[Work request]: Once the pictures are set aside, reproduce the remaining data exactly.
━━ Supplied entries
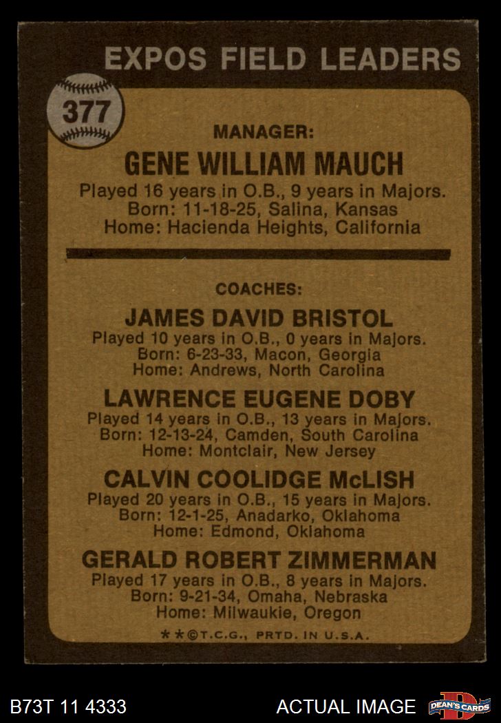 1973 Topps #377 - Gene Mauch / Dave Bristol / Larry Doby / Cal McLish / Jerry Zimmerman Expos Leaders 3 - VG
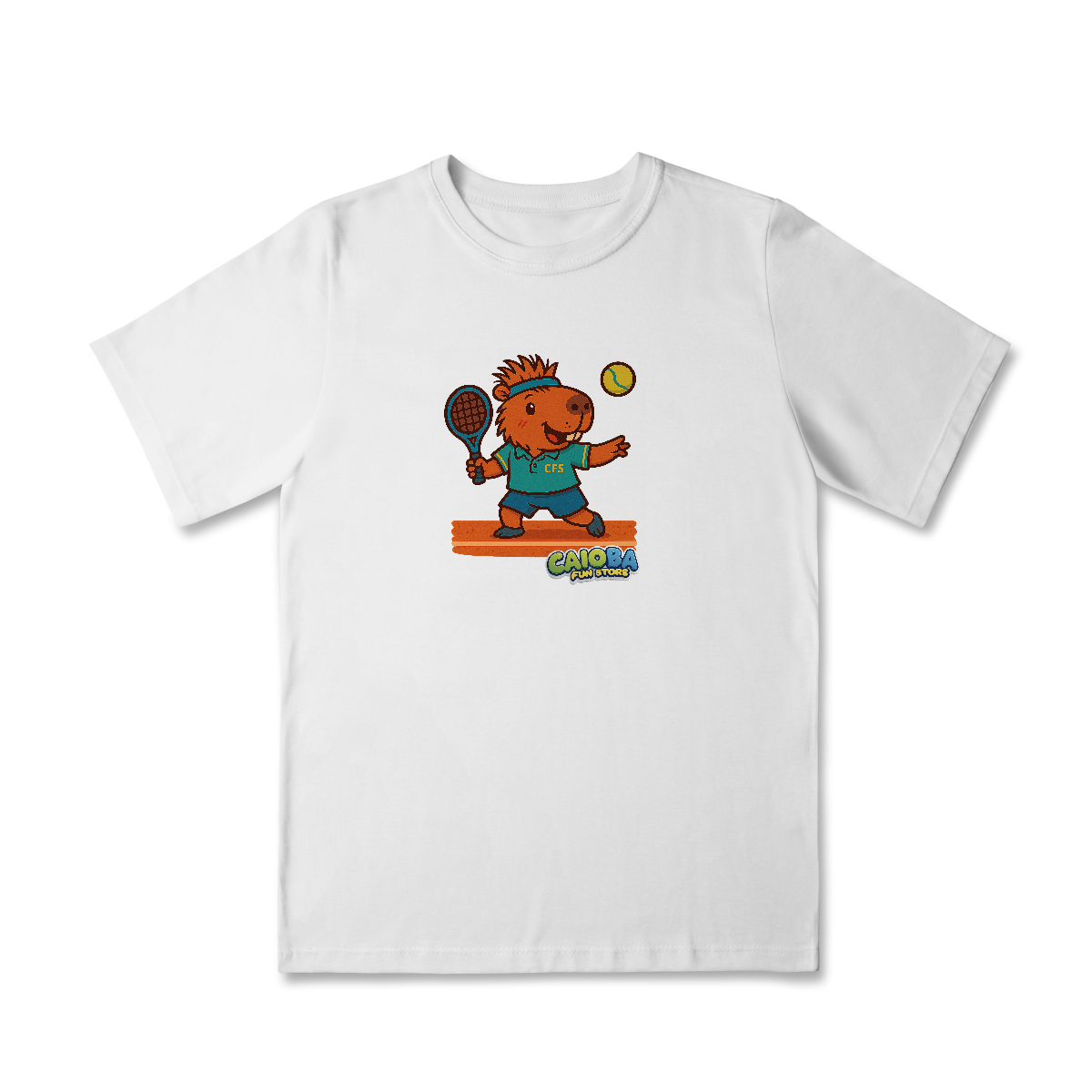Camiseta Infantil Capivara Jogando Tênis – Coleção Reino Capivara do Caioba
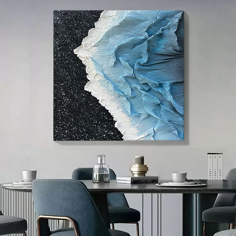 YSUK.ART オリジナル「ブルーオーシャンチャート 4」手描き正方形抽象テクスチャ油絵ゲストレストラン寝室吊り絵画
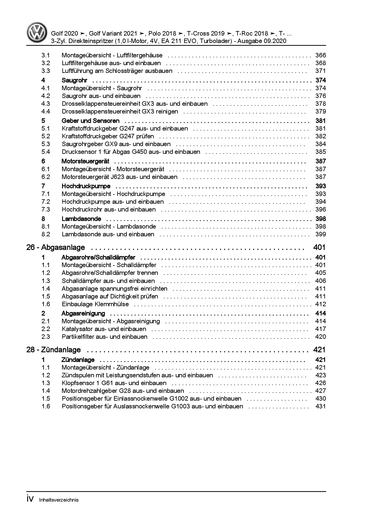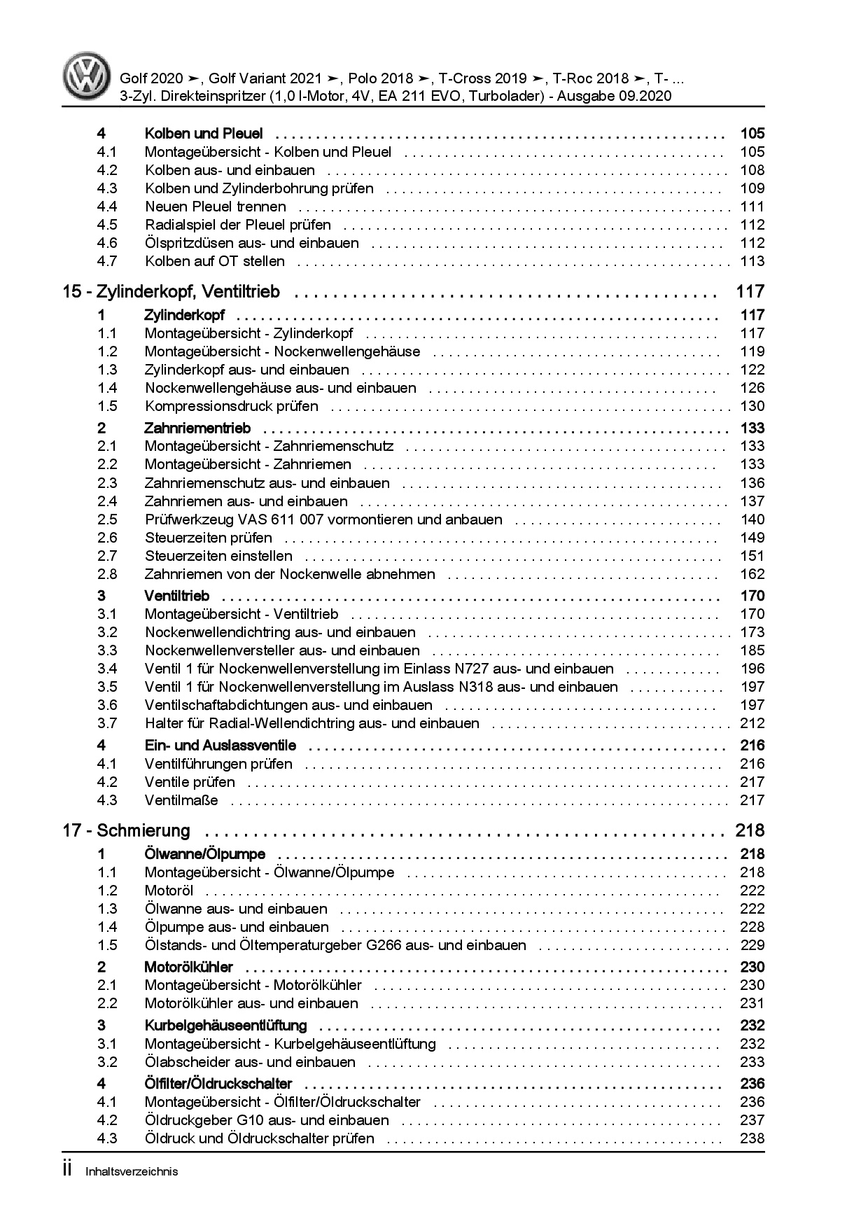 Diese Reparaturanleitung enthält detaillierte Beschreibungen zu Aus- und Einbauarbeiten, Einstell- und Prüfarbeiten sowie zahlreiche Grafiken, Bilder und Explosionszeichnungen. Die Kunststoffringbindung ermöglicht ein problemloses Umschlagen bis zu 180°.
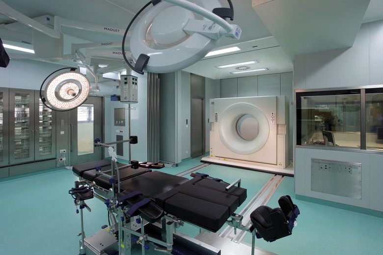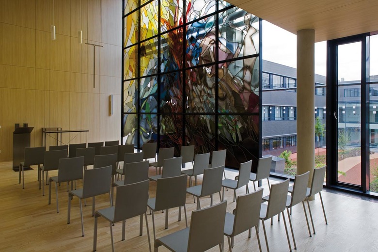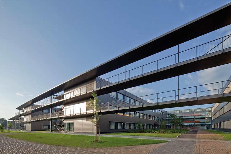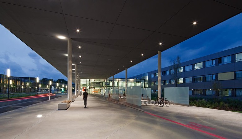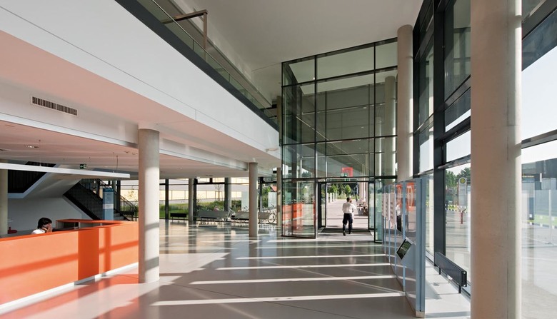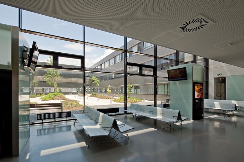 The subdivision of the complex into a building for the health-care center and one for the surgical-medical center seemed obvious, the articulation of the latter was a genuinely creative achievement. The guiding idea here was embedding the building in an extensive park and creating a kind of “hotel character” instead of the traditional, but oppressive hospital character. The most striking characteristics of the new complex are without doubt the “fingers” housing the patients wards which extend northwards from the spine of the surgery wing into the park. The overall structure, which is both compact and open, is rooted in a strong double slab with an east-west orientation: here the emergency department, the operating theatres and the doctors’ offices are located in the northern of the two parallel slabs. Between them there are a number of courtyards, attractively planted and even creatively designed using glass blocks. The wards and intensive stations which are housed in the four north-south wings can be conveniently reached from these central areas. The intensive stations are open spaces with glass partitions that take up almost the entire depth of the wing, a corridor running along the east façade allows one to walk past them.
━━━━
[Result of the task]:
 1973 Topps #377 - Gene Mauch / Dave Bristol / Larry Doby / Cal McLish / Jerry Zimmerman Expos Leaders 3 - VG
Camiseta Infantil Capivara Jogando Tênis – Coleção Reino Capivara do Caioba
 YSUK.ART オリジナル「ブルーオーシャンチャート 4」手描き正方形抽象テクスチャ油絵ゲストレストラン寝室吊り絵画
 Diese Reparaturanleitung enthält detaillierte Beschreibungen zu Aus- und Einbauarbeiten, Einstell- und Prüfarbeiten sowie zahlreiche Grafiken, Bilder und Explosionszeichnungen. Die Kunststoffringbindung ermöglicht ein problemloses Umschlagen bis zu 180°.
 The subdivision of the complex into a building for the health-care center and one for the surgical-medical center seemed obvious, the articulation of the latter was a genuinely creative achievement. The guiding idea here was embedding the building in an extensive park and creating a kind of “hotel character” instead of the traditional, but oppressive hospital character. The most striking characteristics of the new complex are without doubt the “fingers” housing the patients wards which extend northwards from the spine of the surgery wing into the park. The overall structure, which is both compact and open, is rooted in a strong double slab with an east-west orientation: here the emergency department, the operating theatres and the doctors’ offices are located in the northern of the two parallel slabs. Between them there are a number of courtyards, attractively planted and even creatively designed using glass blocks. The wards and intensive stations which are housed in the four north-south wings can be conveniently reached from these central areas. The intensive stations are open spaces with glass partitions that take up almost the entire depth of the wing, a corridor running along the east façade allows one to walk past them.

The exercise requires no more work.